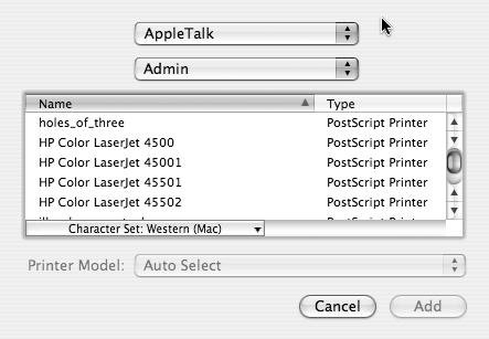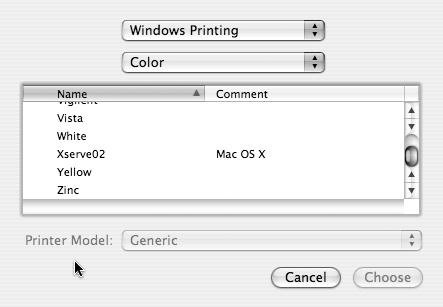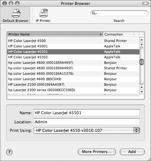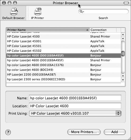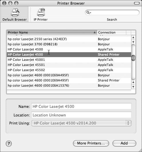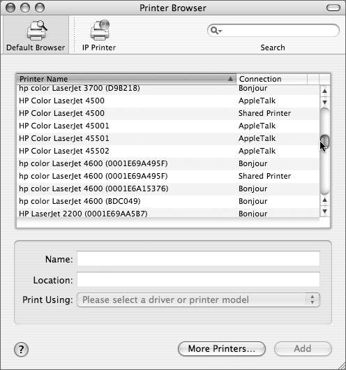 | Mac OS X supports many types of printers, including network and directly connected printers. This section only focuses on using the Printer Setup Utility to add printers shared from a Mac OS X Server. These printers are available to all users on the Mac OS X. There are two parts to the Printer Setup Utility: the Printer List window and the Printer Browser. The Printer List window shows the list of printers added to the local computer, whereas the Printer Browser handles the main browsable printer types, including printers directly attached to your computer. The Printer Browser will also dynamically show AppleTalk, Open Directory (Open Directory can include printers shared via SMB from a Windows computer), and Shared Printers (Shared Printers can include IPP printers shared from another Mac OS X computer). Mac OS X offers three tools for adding printers: The Printer Setup Utility is the easiest and most widely used. In reality, you add printers to your list via the Printer Browser, a separate window of the Printer Setup Utility. The Printer Browser can add printers for the user to print to over the following methods using the Default Browser button: AppleTalk To select an AppleTalk printer in the Printer Browser, find a printer you want to connect to with a Connection type of AppleTalk. Select the printer and click Add (Figure 7.27). A window may appear (depending on the options available for that given printer) while the server communicates with the printer to determine the printer configuration (Figure 7.28). Figure 7.27. Using the Printer Setup Utility's Printer Browser, you can add a printer using the AppleTalk protocol...  Figure 7.28. ...and a window may appear when the printer is auto-configuring.  Bonjour To select a Bonjour printer in the Print Browser, select a printer with a Connection type of Bonjour, and click Add (Figure 7.29). Since Bonjour can't auto-configure the printer for you like AppleTalk can, if the printer has different options, a window will appear, where you can configure those settings (Figure 7.30). Figure 7.29. Using the Printer Setup Utility's Printer Browser, you can add a printer discovered by Bonjour...  Figure 7.30. ...and a window may appear allowing you to choose printer options.  Shared Printer To select a shared IPP printer in the Print Browser, select a printer with a Connection type of Shared Printer and click Add. With a shared printer, a user cannot set the name, location, or the printer type, nor can they change them in the Printer Setup Utility once they've added the printer, because those settings are all determined by the computer sharing the printer, a feature that administrators may want to take advantage of (Figure 7.31). Figure 7.31. Using the Printer Setup Utility's Printer Browser, you can add a shared printer.  Open Directory To select an Open Directory printer in the Print Browser, select a printer with a connection type of Open Directory. If the location and printer type are set for you, verify that they're set correctly, and click Add (Figure 7.32). A window appears offering "Installable Options," if there are any (Figure 7.33). Set the options correctly, and click Continue. In the Print Browser window, printers being shared via SMB from Active Directory servers will also show up as "Open Directory," even though they technically aren't. If these printers require authentication, click More Printers at the bottom of the Print Browser window to add them. Figure 7.32. Using the Printer Setup Utility's Printer Browser, you can add a printer discovered by Open Directory...  Figure 7.33. ...and a window may appear allowing you to choose printer options.  If the printer is not being advertised by methods that cause it to show up in the Default Browser window, you can also create local printers via other methods. Using any of these three methods requires you to enter the information on the printer manually: Internet Printing Protocol IPP To add printers via IPP, enter the printer's IP address or DNS name, and the queue, if needed. Enter a name for the printer in the Name field; this is the name you'll see when you select the printer in the print dialog/sheet. If you don't enter a name, then the IP address or DNS name will be used. Optionally, you can also enter a location for the printer. Select the specific printer type to be used, and then click Add (Figure 7.34). Figure 7.34. Using the Printer Setup Utility's Printer Browser, you can add an LPD (IP) printer.  Line Printer Daemon LPD Use this option for LPR printers. The options are the same as IPP. HP Jet Direct Socket Use this option to connect to HP printers via the HP JetDirect protocol. Other than the specific type of printer, the options are the same as IPP and LPD. Tip If your printer doesn't appear in the browser list, or you have a printer that needs manual/nonstandard settings, click More Printers to display a menu of various options by printer connection type (Figure 7.35). Figure 7.35. This pop-up menu shows various connection options when creating a printer.  AppleTalk If your AppleTalk network is configured with multiple zones, select the appropriate zone from the pop-up menu. In either case, AppleTalk printers automatically populate in the list based on zone (Figure 7.36). Figure 7.36. Selecting an AppleTalk printer in another zone.  Bluetooth If you have a Bluetoothcapable Mac, any Bluetooth printers will show up on this list. Select the printer from the list, verify that the model is correct or pick the correct driver, and click Add (Figure 7.37). Figure 7.37. You can add Bluetooth printers to the printer list.  Windows Printing If your Windows network is configured with multiple workgroups, select the appropriate workgroup from the pop-up menu. Initially you'll be presented with computers running Windows (SMB) printer sharing. Select a computer from the list and click Choose (Figure 7.38). Then select the printer from the list, and click Add (Figure 7.39). Figure 7.38. V
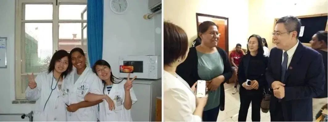 参观期间,访问团探访北京大学医学部临床医学99级毛里求斯留学生努沙德(Nushad)。她如今已成长为维多利亚医院一位优秀的普外科专家。得知我们来自母校,她非常兴奋,用流利的中文和我们聊起她在校期间的老师和同学,希望有机会再回母校看看。像努沙德这样曾在中国留学的医生,维多利亚医院有不少,参观期间偶然碰到,用流利的中文和访问团热情打招呼。
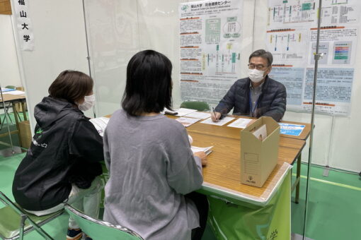 社会連携センターのブースにあるテーブルには、社会連携センターへ事前予約の相談申し込み名簿が置かれていて、相談時間は各15分に設定されていました。その時間内に相談を受けて回答や交流を行うことになり、合計で11の企業や機関の相談を受けました。社会連携センターのブースを訪問された方々への応対や他ブースへの訪問を通して、福山大学社会連携センターの運営目的を説明するとともに、参加企業や機関からの相談を受け、マッチングの可能性に向けた検討及び参加大学の連携状況について交流を行いました。
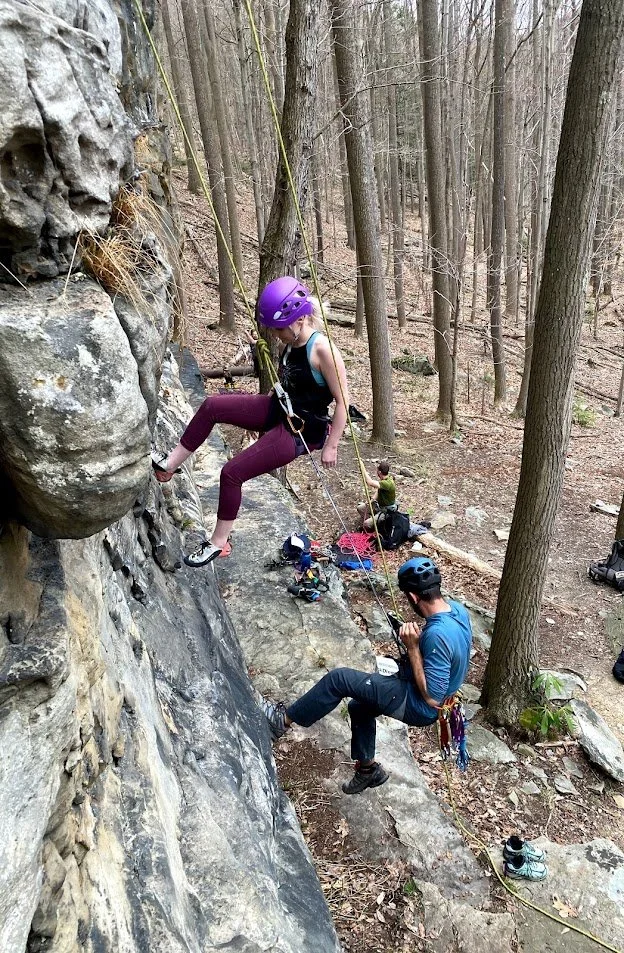 Most of the cliffs at Coopers are easily accessible from the top so the park offers exceptional ease for instruction of top rope anchor instruction classes to learning to lead trad courses to a private guided day of top roping and rappelling.

▸ WORK REQUEST: Every line of the material must be repeated exactly; pictures stay out.

▸ EXERCISE RESULT:
 | Mac OS X supports many types of printers, including network and directly connected printers. This section only focuses on using the Printer Setup Utility to add printers shared from a Mac OS X Server. These printers are available to all users on the Mac OS X. There are two parts to the Printer Setup Utility: the Printer List window and the Printer Browser. The Printer List window shows the list of printers added to the local computer, whereas the Printer Browser handles the main browsable printer types, including printers directly attached to your computer. The Printer Browser will also dynamically show AppleTalk, Open Directory (Open Directory can include printers shared via SMB from a Windows computer), and Shared Printers (Shared Printers can include IPP printers shared from another Mac OS X computer). Mac OS X offers three tools for adding printers: The Printer Setup Utility is the easiest and most widely used. In reality, you add printers to your list via the Printer Browser, a separate window of the Printer Setup Utility. The Printer Browser can add printers for the user to print to over the following methods using the Default Browser button: AppleTalk To select an AppleTalk printer in the Printer Browser, find a printer you want to connect to with a Connection type of AppleTalk. Select the printer and click Add (Figure 7.27). A window may appear (depending on the options available for that given printer) while the server communicates with the printer to determine the printer configuration (Figure 7.28). Figure 7.27. Using the Printer Setup Utility's Printer Browser, you can add a printer using the AppleTalk protocol...  Figure 7.28. ...and a window may appear when the printer is auto-configuring.  Bonjour To select a Bonjour printer in the Print Browser, select a printer with a Connection type of Bonjour, and click Add (Figure 7.29). Since Bonjour can't auto-configure the printer for you like AppleTalk can, if the printer has different options, a window will appear, where you can configure those settings (Figure 7.30). Figure 7.29. Using the Printer Setup Utility's Printer Browser, you can add a printer discovered by Bonjour...  Figure 7.30. ...and a window may appear allowing you to choose printer options.  Shared Printer To select a shared IPP printer in the Print Browser, select a printer with a Connection type of Shared Printer and click Add. With a shared printer, a user cannot set the name, location, or the printer type, nor can they change them in the Printer Setup Utility once they've added the printer, because those settings are all determined by the computer sharing the printer, a feature that administrators may want to take advantage of (Figure 7.31). Figure 7.31. Using the Printer Setup Utility's Printer Browser, you can add a shared printer.  Open Directory To select an Open Directory printer in the Print Browser, select a printer with a connection type of Open Directory. If the location and printer type are set for you, verify that they're set correctly, and click Add (Figure 7.32). A window appears offering "Installable Options," if there are any (Figure 7.33). Set the options correctly, and click Continue. In the Print Browser window, printers being shared via SMB from Active Directory servers will also show up as "Open Directory," even though they technically aren't. If these printers require authentication, click More Printers at the bottom of the Print Browser window to add them. Figure 7.32. Using the Printer Setup Utility's Printer Browser, you can add a printer discovered by Open Directory...  Figure 7.33. ...and a window may appear allowing you to choose printer options.  If the printer is not being advertised by methods that cause it to show up in the Default Browser window, you can also create local printers via other methods. Using any of these three methods requires you to enter the information on the printer manually: Internet Printing Protocol IPP To add printers via IPP, enter the printer's IP address or DNS name, and the queue, if needed. Enter a name for the printer in the Name field; this is the name you'll see when you select the printer in the print dialog/sheet. If you don't enter a name, then the IP address or DNS name will be used. Optionally, you can also enter a location for the printer. Select the specific printer type to be used, and then click Add (Figure 7.34). Figure 7.34. Using the Printer Setup Utility's Printer Browser, you can add an LPD (IP) printer.  Line Printer Daemon LPD Use this option for LPR printers. The options are the same as IPP. HP Jet Direct Socket Use this option to connect to HP printers via the HP JetDirect protocol. Other than the specific type of printer, the options are the same as IPP and LPD. Tip If your printer doesn't appear in the browser list, or you have a printer that needs manual/nonstandard settings, click More Printers to display a menu of various options by printer connection type (Figure 7.35). Figure 7.35. This pop-up menu shows various connection options when creating a printer.  AppleTalk If your AppleTalk network is configured with multiple zones, select the appropriate zone from the pop-up menu. In either case, AppleTalk printers automatically populate in the list based on zone (Figure 7.36). Figure 7.36. Selecting an AppleTalk printer in another zone.  Bluetooth If you have a Bluetoothcapable Mac, any Bluetooth printers will show up on this list. Select the printer from the list, verify that the model is correct or pick the correct driver, and click Add (Figure 7.37). Figure 7.37. You can add Bluetooth printers to the printer list.  Windows Printing If your Windows network is configured with multiple workgroups, select the appropriate workgroup from the pop-up menu. Initially you'll be presented with computers running Windows (SMB) printer sharing. Select a computer from the list and click Choose (Figure 7.38). Then select the printer from the list, and click Add (Figure 7.39). Figure 7.38. V
 参观期间,访问团探访北京大学医学部临床医学99级毛里求斯留学生努沙德(Nushad)。她如今已成长为维多利亚医院一位优秀的普外科专家。得知我们来自母校,她非常兴奋,用流利的中文和我们聊起她在校期间的老师和同学,希望有机会再回母校看看。像努沙德这样曾在中国留学的医生,维多利亚医院有不少,参观期间偶然碰到,用流利的中文和访问团热情打招呼。
 社会連携センターのブースにあるテーブルには、社会連携センターへ事前予約の相談申し込み名簿が置かれていて、相談時間は各15分に設定されていました。その時間内に相談を受けて回答や交流を行うことになり、合計で11の企業や機関の相談を受けました。社会連携センターのブースを訪問された方々への応対や他ブースへの訪問を通して、福山大学社会連携センターの運営目的を説明するとともに、参加企業や機関からの相談を受け、マッチングの可能性に向けた検討及び参加大学の連携状況について交流を行いました。
 Most of the cliffs at Coopers are easily accessible from the top so the park offers exceptional ease for instruction of top rope anchor instruction classes to learning to lead trad courses to a private guided day of top roping and rappelling.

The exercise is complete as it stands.